_Description of the task_
With the pictures left out, retype exactly the lines below starting at the line that contains "प्राचीन भारतीयों ने" and ending at the line that contains "ÜNALAN MUHTARLIĞI ZİYARET".
----- Exercise input -----
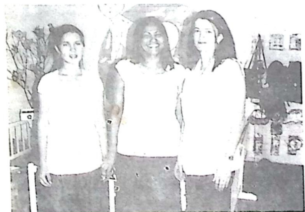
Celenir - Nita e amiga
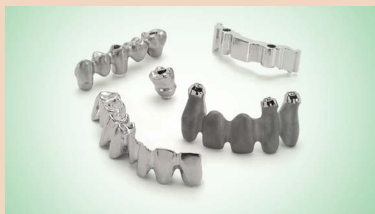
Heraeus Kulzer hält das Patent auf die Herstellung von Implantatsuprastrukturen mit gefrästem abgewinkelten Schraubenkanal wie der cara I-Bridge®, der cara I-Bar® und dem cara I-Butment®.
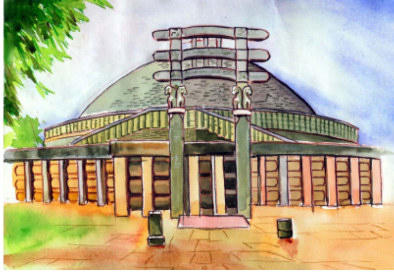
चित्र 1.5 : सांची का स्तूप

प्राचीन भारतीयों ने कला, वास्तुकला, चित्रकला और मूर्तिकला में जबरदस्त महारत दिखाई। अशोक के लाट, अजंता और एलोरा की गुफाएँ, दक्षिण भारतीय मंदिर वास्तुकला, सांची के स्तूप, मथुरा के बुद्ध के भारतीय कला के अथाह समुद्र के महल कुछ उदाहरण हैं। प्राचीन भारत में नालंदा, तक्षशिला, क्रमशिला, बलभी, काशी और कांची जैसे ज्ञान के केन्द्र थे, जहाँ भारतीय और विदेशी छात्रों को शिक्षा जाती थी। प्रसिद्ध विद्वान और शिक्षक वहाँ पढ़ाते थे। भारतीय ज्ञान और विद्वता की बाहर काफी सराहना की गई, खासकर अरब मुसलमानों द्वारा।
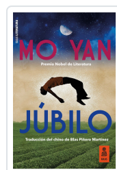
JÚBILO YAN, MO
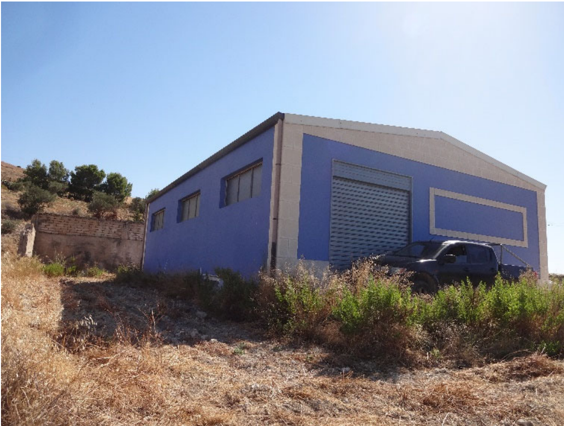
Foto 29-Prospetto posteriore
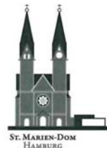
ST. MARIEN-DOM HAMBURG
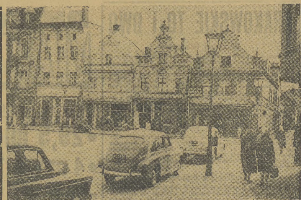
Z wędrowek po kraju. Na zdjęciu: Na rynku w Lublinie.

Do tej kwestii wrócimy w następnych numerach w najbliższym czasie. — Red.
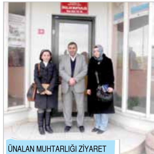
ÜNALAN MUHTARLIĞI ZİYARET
-----
----- Exercise input -----
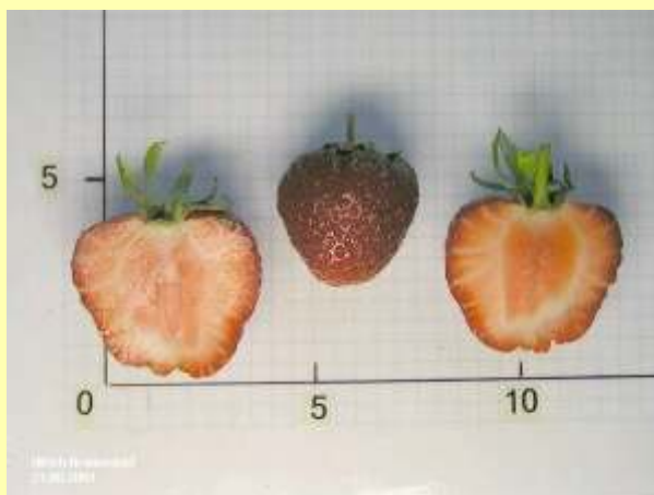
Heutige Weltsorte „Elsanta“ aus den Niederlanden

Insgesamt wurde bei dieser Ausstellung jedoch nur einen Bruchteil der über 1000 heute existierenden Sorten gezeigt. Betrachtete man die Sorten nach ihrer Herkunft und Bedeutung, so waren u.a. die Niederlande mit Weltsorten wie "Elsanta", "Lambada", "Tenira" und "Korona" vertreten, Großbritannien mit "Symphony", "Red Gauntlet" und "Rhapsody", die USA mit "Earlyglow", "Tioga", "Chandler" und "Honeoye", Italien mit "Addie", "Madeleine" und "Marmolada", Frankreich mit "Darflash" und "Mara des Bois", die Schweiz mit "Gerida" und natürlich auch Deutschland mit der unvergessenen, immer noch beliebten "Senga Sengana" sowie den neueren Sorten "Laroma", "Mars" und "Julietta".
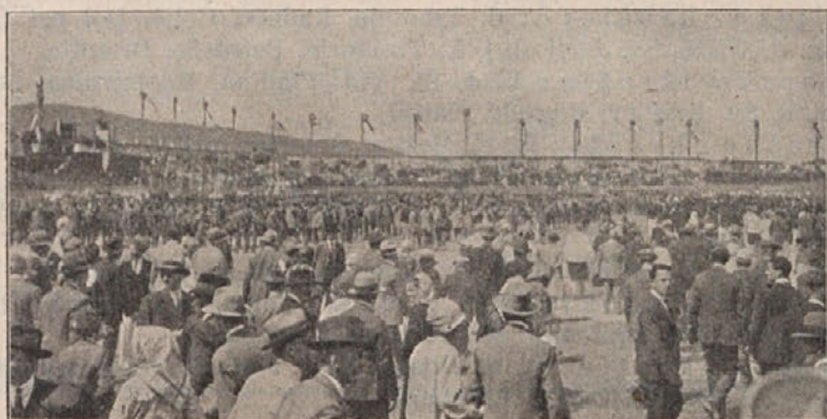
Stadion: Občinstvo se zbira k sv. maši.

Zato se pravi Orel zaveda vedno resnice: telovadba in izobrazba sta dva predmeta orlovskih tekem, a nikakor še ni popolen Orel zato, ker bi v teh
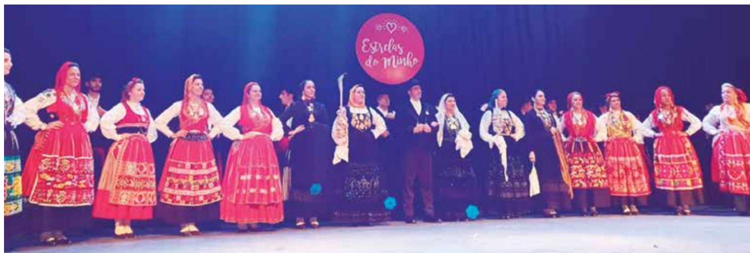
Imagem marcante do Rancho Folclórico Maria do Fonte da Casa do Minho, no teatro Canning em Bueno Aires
-----
_Task answer_
प्राचीन भारतीयों ने कला, वास्तुकला, चित्रकला और मूर्तिकला में जबरदस्त महारत दिखाई। अशोक के लाट, अजंता और एलोरा की गुफाएँ, दक्षिण भारतीय मंदिर वास्तुकला, सांची के स्तूप, मथुरा के बुद्ध के भारतीय कला के अथाह समुद्र के महल कुछ उदाहरण हैं। प्राचीन भारत में नालंदा, तक्षशिला, क्रमशिला, बलभी, काशी और कांची जैसे ज्ञान के केन्द्र थे, जहाँ भारतीय और विदेशी छात्रों को शिक्षा जाती थी। प्रसिद्ध विद्वान और शिक्षक वहाँ पढ़ाते थे। भारतीय ज्ञान और विद्वता की बाहर काफी सराहना की गई, खासकर अरब मुसलमानों द्वारा।
JÚBILO YAN, MO
Foto 29-Prospetto posteriore
ST. MARIEN-DOM HAMBURG
Z wędrowek po kraju. Na zdjęciu: Na rynku w Lublinie.

Do tej kwestii wrócimy w następnych numerach w najbliższym czasie. — Red.
ÜNALAN MUHTARLIĞI ZİYARET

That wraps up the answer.